Mistral Small 4: One Model to Rule Them All (And It's Open Source)
Remember when you needed three different models for three different tasks? Mistral is done with that. Their new Mistral Small 4 unifies the capabilities of Magistral (reasoning), Pixtral (multimodal), and Devstral (agentic coding) into a single, versatile model — and it's fully open source under Apache 2.0.
The Architecture
Small 4 is deceptively named. With 119 billion total parameters, it's hardly "small" in absolute terms. But thanks to a Mixture of Experts (MoE) architecture with 128 experts and only 4 active per token, only about 6-8 billion parameters fire for any given input. This makes it efficient enough to run on a couple of NVIDIA H200 nodes while delivering performance that competes with much larger models.
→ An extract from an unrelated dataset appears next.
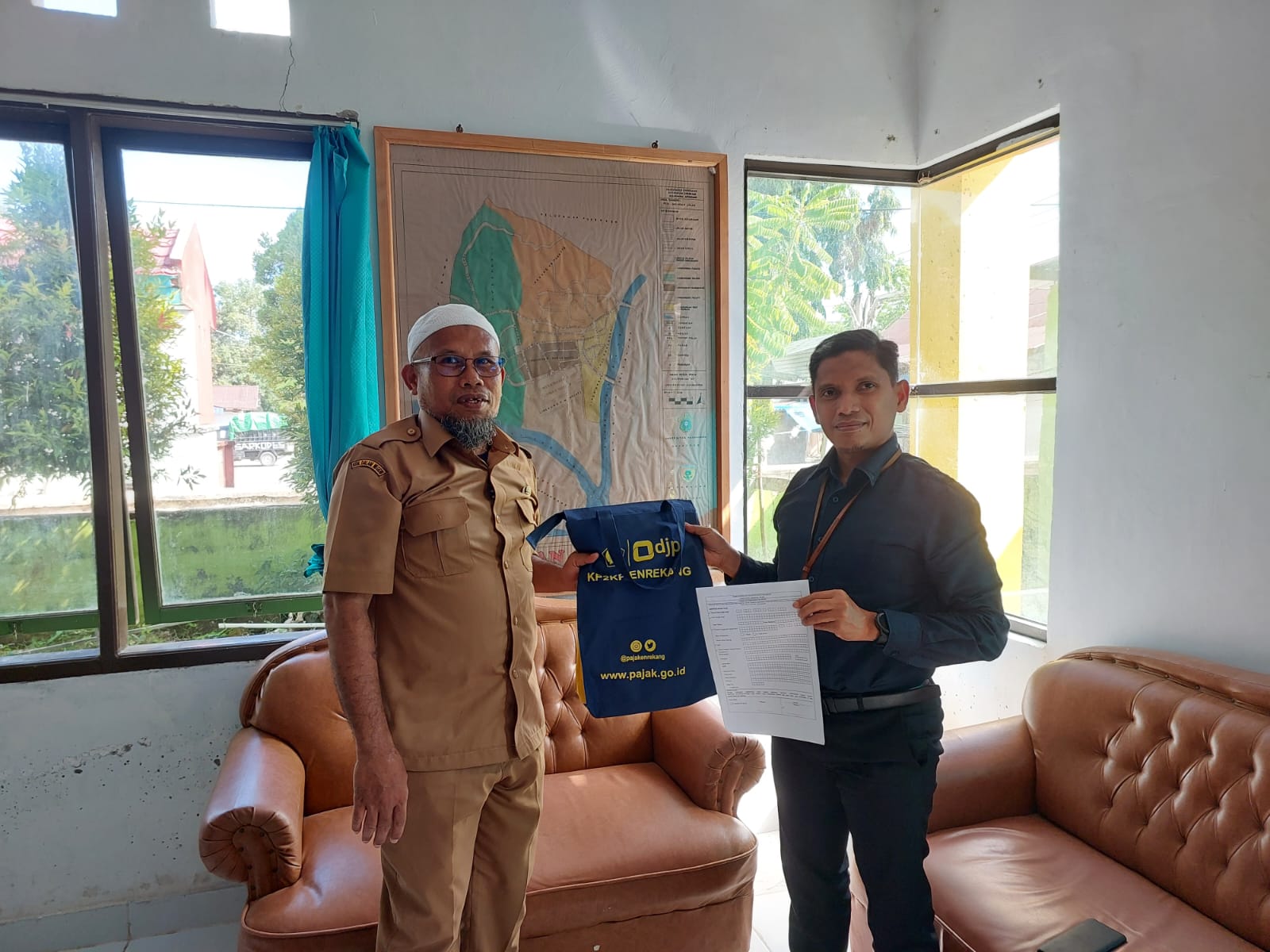 Kantor Pelayanan, Penyuluhan, dan Konsultasi Perpajakan (KP2KP) Enrekang mengadakan kunjungan kerja ke Kelurahan Juppandang di Jalan Pasar Baru Nomor 7, Enrekang (Selasa, 12/9). Kunjungan ini dilakukan dalam rangka koordinasi terkait pemadanan Nomor Induk Kependudukan (NIK) dan Nomor Pokok Wajib Pajak (NPWP) penduduk di wilayah Kelurahan Juppandang.

The 256K context window supports long-form interactions and document analysis, and the model natively handles both text and image inputs. No adapters, no separate vision model — it's all baked in.
Reasoning on Demand
Perhaps the most elegant feature is the configurable reasoning effort. Set reasoning_effort="none" for fast, lightweight responses like the old Mistral Small 3. Set it to "high" for deep, step-by-step reasoning equivalent to Magistral. You get to choose the tradeoff between speed and depth for every single request.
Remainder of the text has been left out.